My partner hooks him up to the heart monitor and out of the corner of my eye I see an abnormality.

"Maybe we should do a 12-lead?" my partner says as the dieing tissue in the patient’s heart makes itself known.

My partner unbuttons his shirt as the short man declares he is feeling much better. Six white, square stickies are placed strategically along his chest. From his right nipple all the way around the left side of his chest, wires are dangling from his hairy chest. We beg him not to move so we can get a clear picture on the print out.

He's having a huge heart attack. The anterior and lateral aspects of his heart are dieing rapidly in front of me.

"How's your pain?" I ask with a little more urgency.

"It's down to about a zero," he laughs. "Why? Am I sick?"

I explain what is going on with and tell him things are going to move a little faster now. We are going to go lights and sirens to the hospital and I'm going to need to do a whole lot more. "You're going to need to answer all my questions the best you can," I shouted over the loud sirens.

And with that, my luck turned drastically. Sitting in front of me was the acutely ill person I had been hoping to help for the last few weeks.

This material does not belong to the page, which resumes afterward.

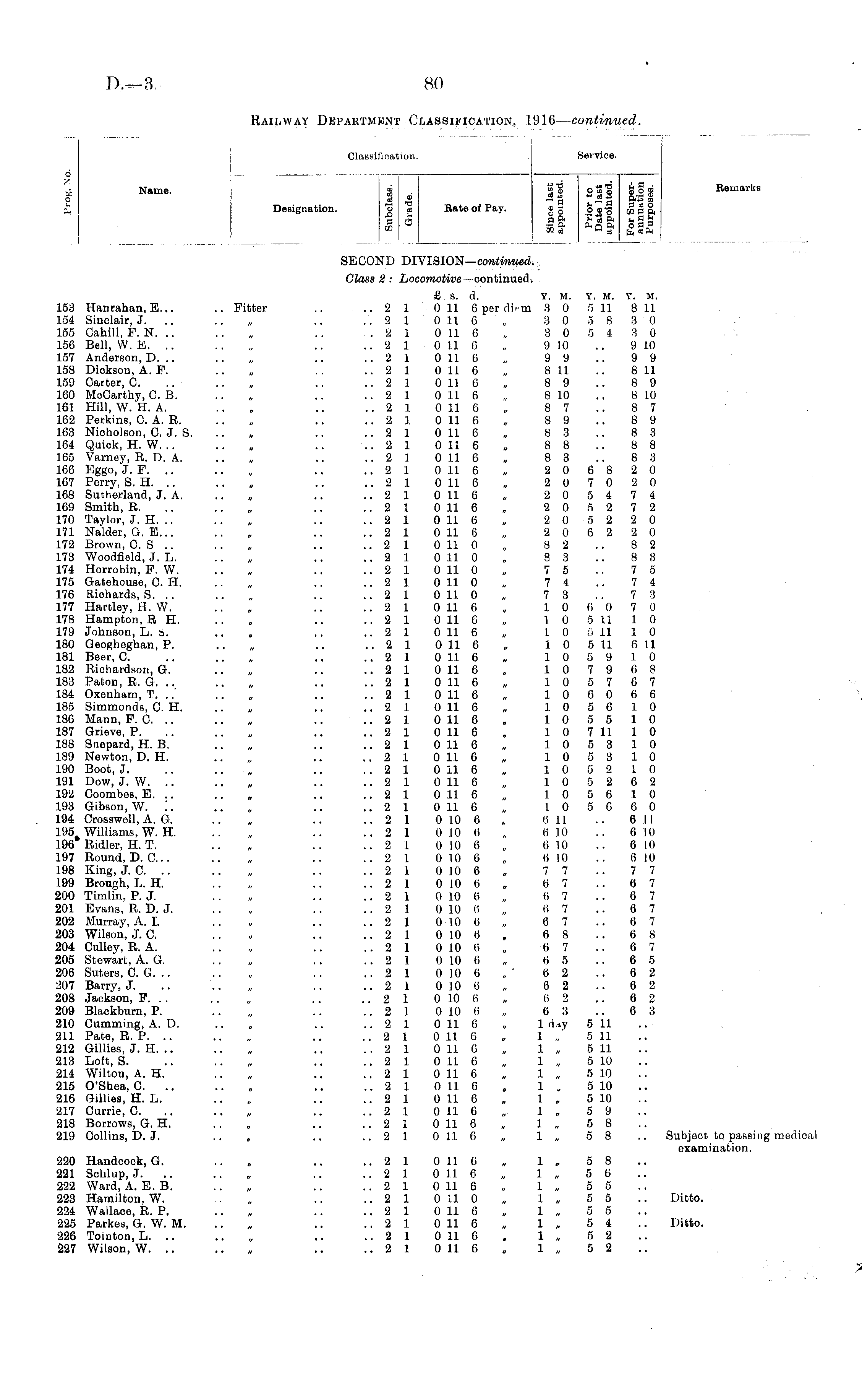 Railway Department Classification, 1916-continued.

The ambulance his sixty, in twenty seconds. And I went from zero, to ohh crap in half as many.

Comments

Kate said…
Love your writing. Thanks for keeping me entertained!
MonkeyGirl said…
"Zero to Oh Crap" is right. I have to say, though, I still love that jolt of adrenaline when I see the ST elevation on the 12-lead.
HollyB said…
I hope he made it. ANd I'm sure you gave him excellent care.
Callie Ann said…
What's this leaving us with a Cliff Hanger hope you'll finish the story soon.
BCFD36 said…
I learned years ago to be careful what I wished for, lest I get it.